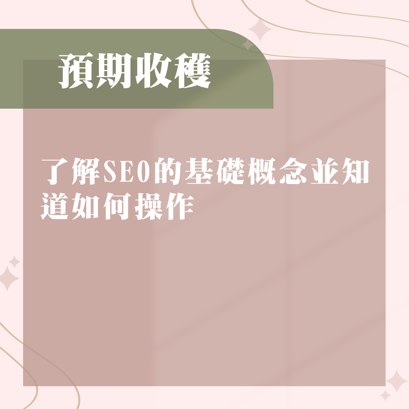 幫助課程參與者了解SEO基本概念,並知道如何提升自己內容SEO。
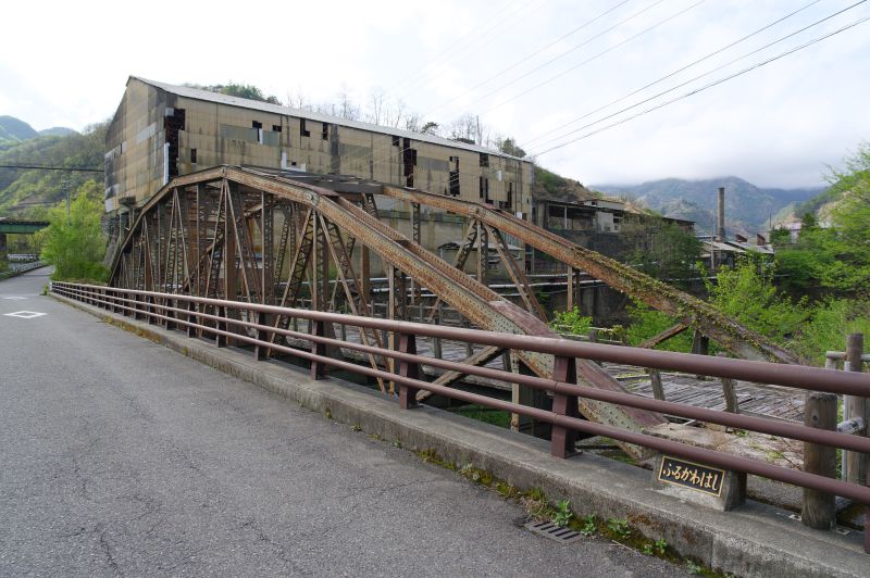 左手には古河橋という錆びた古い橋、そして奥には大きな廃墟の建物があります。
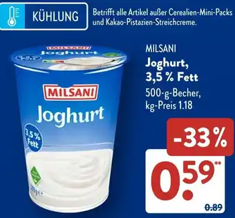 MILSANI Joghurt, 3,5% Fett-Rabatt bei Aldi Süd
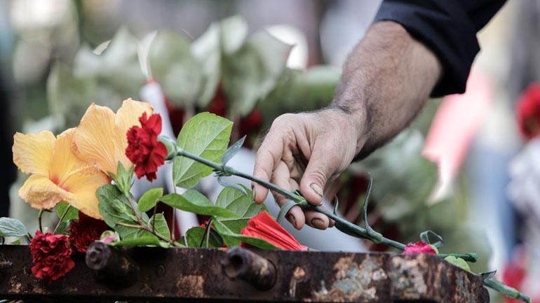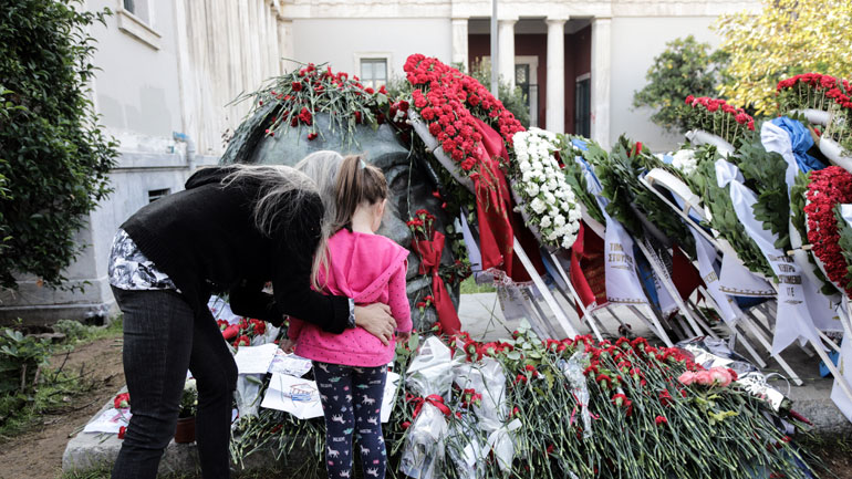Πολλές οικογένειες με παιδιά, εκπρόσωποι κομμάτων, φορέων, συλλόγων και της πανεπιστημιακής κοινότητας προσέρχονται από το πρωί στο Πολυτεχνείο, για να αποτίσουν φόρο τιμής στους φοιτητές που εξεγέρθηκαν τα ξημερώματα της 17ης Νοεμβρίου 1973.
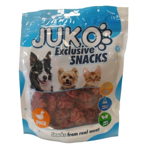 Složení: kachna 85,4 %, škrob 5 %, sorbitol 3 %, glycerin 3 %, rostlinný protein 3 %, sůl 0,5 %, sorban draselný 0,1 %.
=-=-=
Your instructions: Pictures are to be left out; set down everything else in the records exactly.

Exercise response:
 幫助課程參與者了解SEO基本概念,並知道如何提升自己內容SEO。
 左手には古河橋という錆びた古い橋、そして奥には大きな廃墟の建物があります。
 MILSANI Joghurt, 3,5% Fett-Rabatt bei Aldi Süd
Πολλές οικογένειες με παιδιά, εκπρόσωποι κομμάτων, φορέων, συλλόγων και της πανεπιστημιακής κοινότητας προσέρχονται από το πρωί στο Πολυτεχνείο, για να αποτίσουν φόρο τιμής στους φοιτητές που εξεγέρθηκαν τα ξημερώματα της 17ης Νοεμβρίου 1973.
 Složení: kachna 85,4 %, škrob 5 %, sorbitol 3 %, glycerin 3 %, rostlinný protein 3 %, sůl 0,5 %, sorban draselný 0,1 %.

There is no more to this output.